Thomas with two sons playing basketball in driveway

During the Coronavirus lockdown, we had all of our adult sons living with us for an eight week period of time.  This offered the opportunity to work together and in some cases study together.

I discovered that I have a really fun family.  As the steady drumbeat of this pandemic continued, I heard and read stories of parents struggling with the curriculum of online education; of families fatigued by too much “togetherness”; of kids complaining of boredom; and of inadequate WIFI bandwidth.

While I too was inconvenienced, we were delighted that we had our entire family with us. I realize that I was probably in the minority, but for Pam and me, this was “Christmas in Spring”…shelter in place style. We were fortunate that the pandemic hit during this station in our lives. I don’t know how we would have coped with 4 elementary-aged boys. I sympathized with those families! With sons aged 23, 21, 19, and 17….Pam and I were having a blast! Our oldest son works for a Big 4 accounting firm out of Dallas, and since his office was closed, he decided to come back to Tyler to work remotely.  We have two college sons, who came back to Tyler and completed their studies remotely.  Finally, we have a high school Junior who completed his high school work remotely and was delighted to have his big brothers unexpectedly back in town. 

Our biggest struggle was the balance of allowing them space to enjoy college and adult life while recognizing that this is not a pandemic frat house. We had a schedule to maintain, which included, 6:30 pm dinner, and “quiet time” during the school and workday for those of us who worked remotely. Like most families, we limited outside visitors and friends. However, a couple of the boys have girlfriends, who made the cut and were allowed access to the inner sanctum.  

Our activities included rousing games of Catan, Yahtzee, Rook, Risk, Spades, and Balderdash.  We ploughed through a variety of puzzles, binge-watched Longmire; and Pam and I are now familiar with a variety of Hip Hop artists of whom we would never have listened to …but for a pandemic. 

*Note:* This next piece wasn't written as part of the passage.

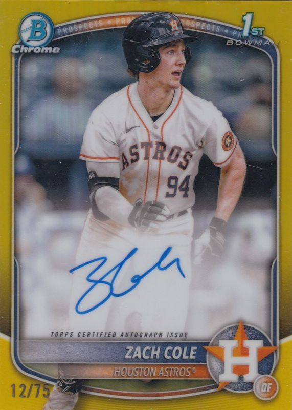 2025 Bowman Chrome ZACH COLE 1st Bowman Auto Yellow Refractor #/75 Astros CPA-ZC
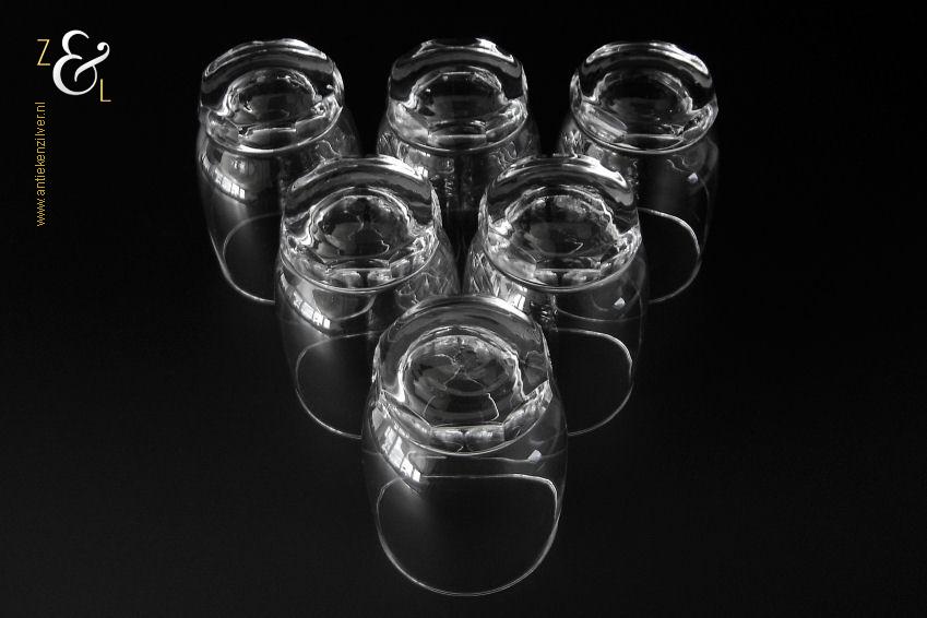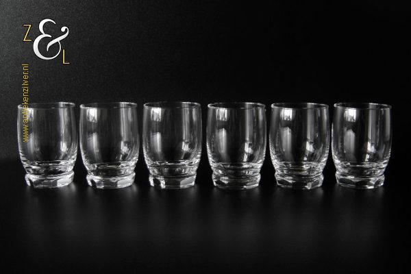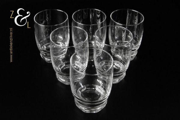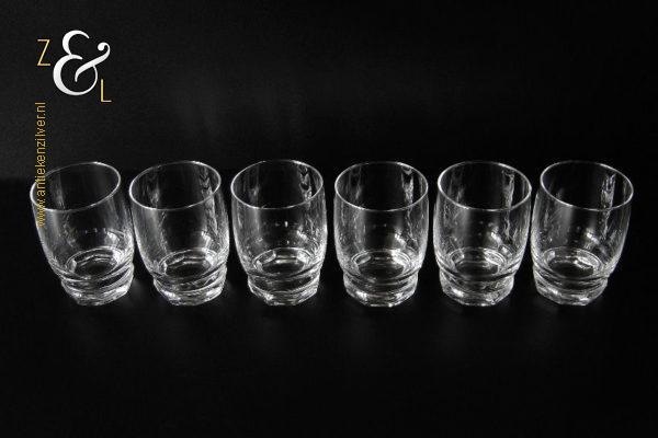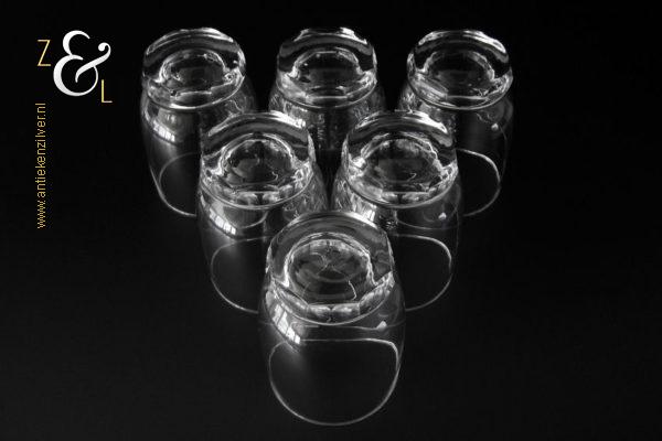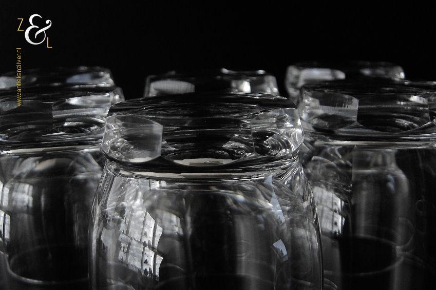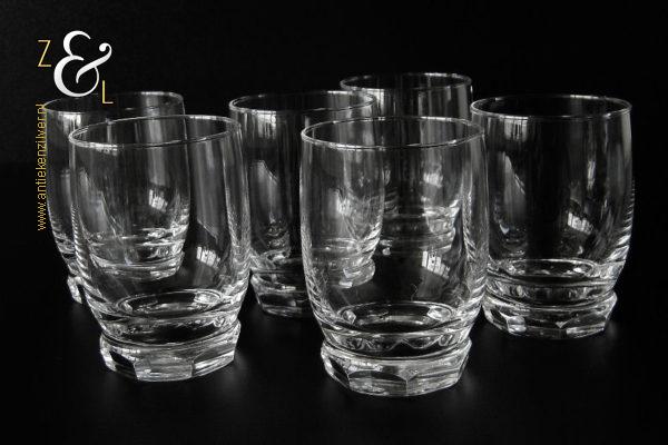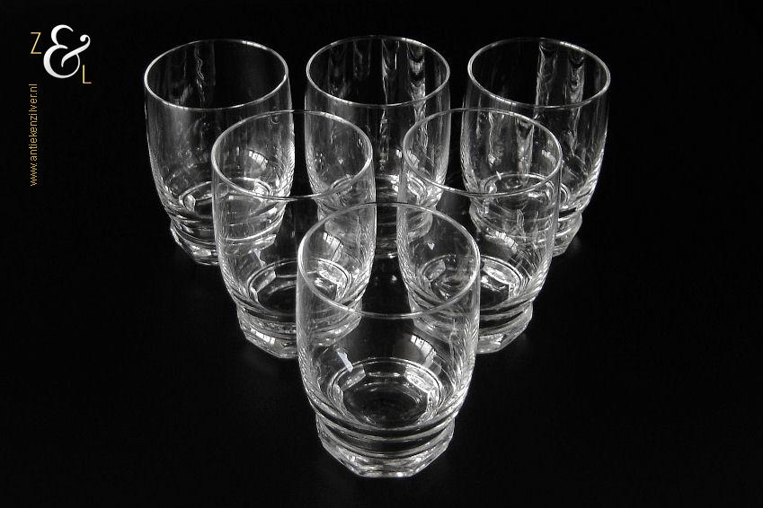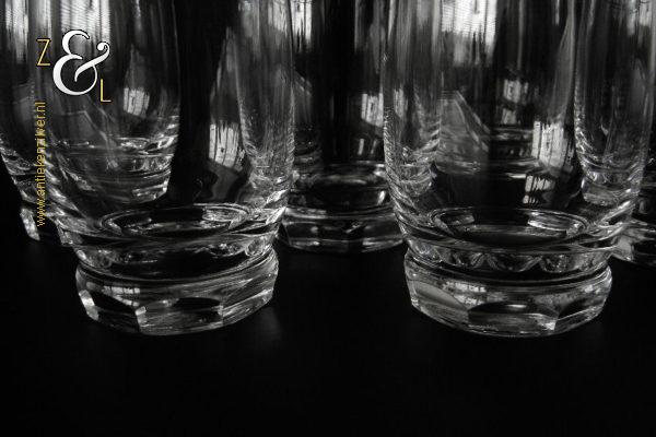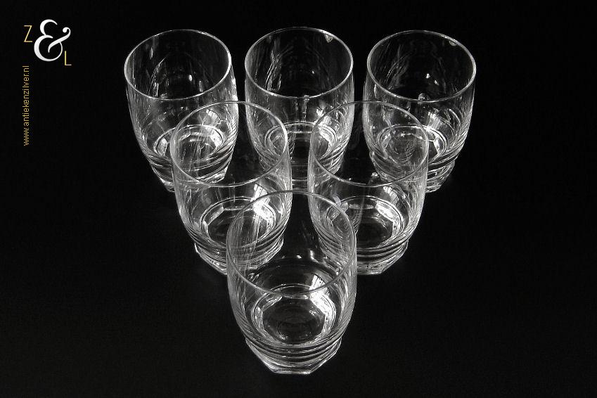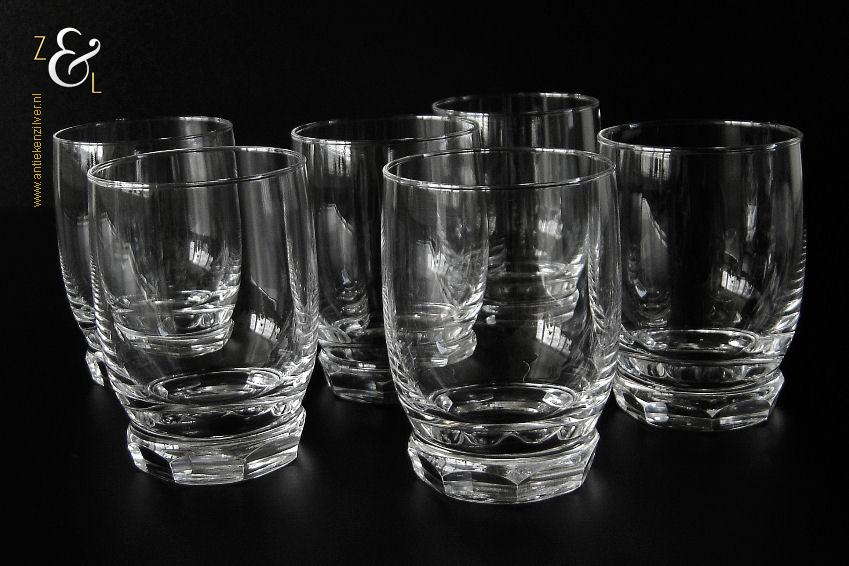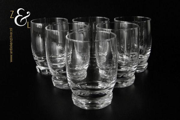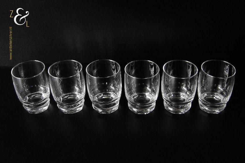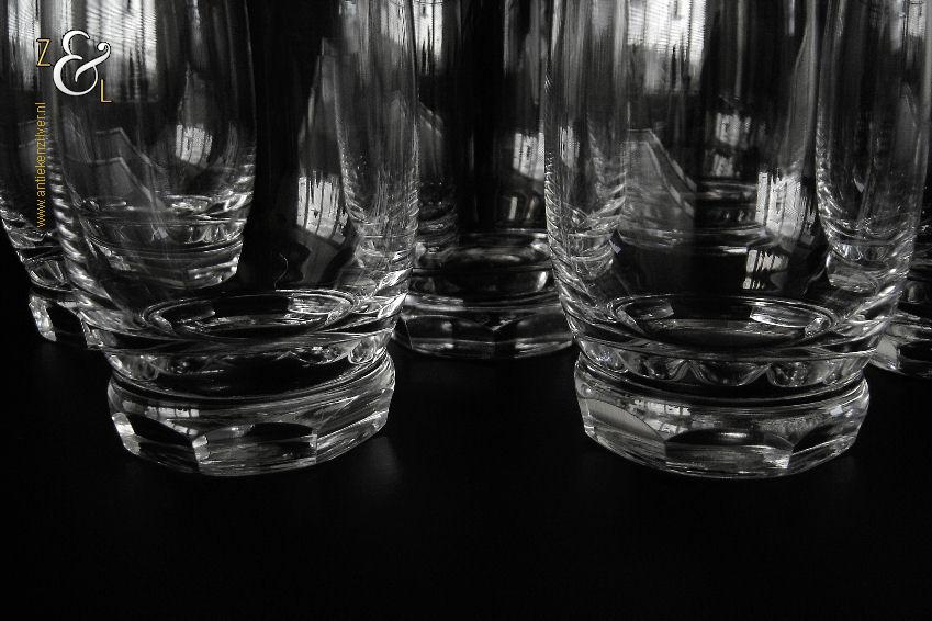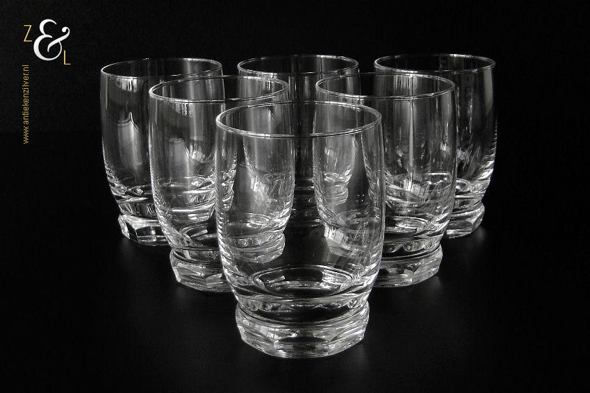 Deze zes limonadeglazen / limonadebekers model Rumba zijn een ontwerp uit 1948 van de wereldberoemde Nederlandse glasontwerper Andries Dirk Copier en uitgevoerd bij de Glasfabriek Leerdam. De in Art Deco stijl en in helder kristal vervaardigde limonadeglazen / limonadebekers hebben een achtkantige voet met lenzen. De zes limonadeglazen / limonadebekers wegen 906 gram hebben een diameter van 6.2 cm en zijn 8.6 cm hoog. Het glasservies Rumba is op ambachtelijke wijze op de hand in een vorm mondgeblazen, hierdoor kunnen er kleine imperfecties optreden en hebben de glazen onderling een klein verschil in gewicht.

As I mentioned, my oldest son is employed and now has money of his own. While my second son, was a college Junior, and a Marine Reservist. Both have discretionary income, and since we were all working remotely from our home, they had access to me during the workday.  They both began investing over a year ago and had seen their modest portfolios rise, fall, and then rise again over the past year.  As a result, they became more interested in the Stock Market during the pandemic. They began asking me more questions about investing, and the timing of deploying new money.  What follows is a summary of my investment thoughts as I communicated to my young adult sons. 

  1. Given the market fall, and uncertainty, Is this a good time to invest?  Many believe this is a “once-in-a-generation” opportunity to buy into the stock market, particularly into the most hard-hit stocks. I believe this proved to be true as the market appears to have largely recovered.
     
  2. As more bad news materializes, why is the stock market moving back up? Many professional analysts are indicating that the market has already priced all of the bad news and that the market is now reacting to the recovery that is forthcoming. However, some analysts believe that this is not the case and that we will re-test those stock prices that we saw in mid-March. Those analysts call this a “false bump”, meaning that this uptick is a false indicator of the true health of our economy. So, this is either a recovery or a false bump….we will just have to wait and see. As of this writing, the "recovery" seems to have rewarded those investors who remained invested.
     
  3. As a young investor, is my portfolio any different from your portfolio Dad?  It most likely is very different. As a young investor, you have time to absorb the rise and fall of the Stock Market over a period of many decades, and if the future is any indication of the past, you could realize a double-digit return on your commitment to Stocks over a 30 to 50 year period of time. Therefore you can afford to take on more risk (in the form of Stocks), than an older investor in their 50’s, 60’s or 70’s who might not have as much time to recover from market declines. For example: an investor aged 23 might deploy 80, 90, or even 100% of their investable assets into Stocks, while an investor aged 60 might only deploy 40, 50, or 60% into Stocks.  
     
  4. If I don’t invest in Stocks, where do I invest?  You might want to consider balancing your Stock investment with a dose of Bonds. A “Bond” is another word for debt.  So when you buy a bond, you are essentially loaning someone money. Bonds come in many varieties, including but not limited to Government (US savings bonds), Municipal (Independent School Districts), Mortgage (FNMA, GNMA), Corporate, and Treasury (US Treasury Bills). These categories can be subdivided even further, and is beyond the scope of this summary. Bonds are generally not as volatile (risky) as an investment in Stocks, and generally have a lower expected return profile over a long period of time. Therefore they can be a good way to balance your Stock portfolio with a decent return and lower risk. 
     
  5. If Bonds are safer, can you still lose money in bonds?  Yes indeed. Once an investor has made a fundamental decision to “invest” rather than “save”, the principal is subject to market loss and declines. This includes Bonds and Stocks. Bond prices react to the general movement of interest rates. As interest rates rise, bond prices fall; and as interest rates fall, bond prices generally rise. This is one of the ways that one can “lose” money in bonds. When the originator of the bond, has financial challenges, their bond price falls. This can lead to default, which is another way bond investors can lose money. Finally, supply and demand also impacts the prices of bonds.  
     

In summary, the allocation for a 23 year old investor could likely be an 80, or 90% commitment to Stocks, and 10 or 20% commitment to Bonds, assuming the money is a long term investment.  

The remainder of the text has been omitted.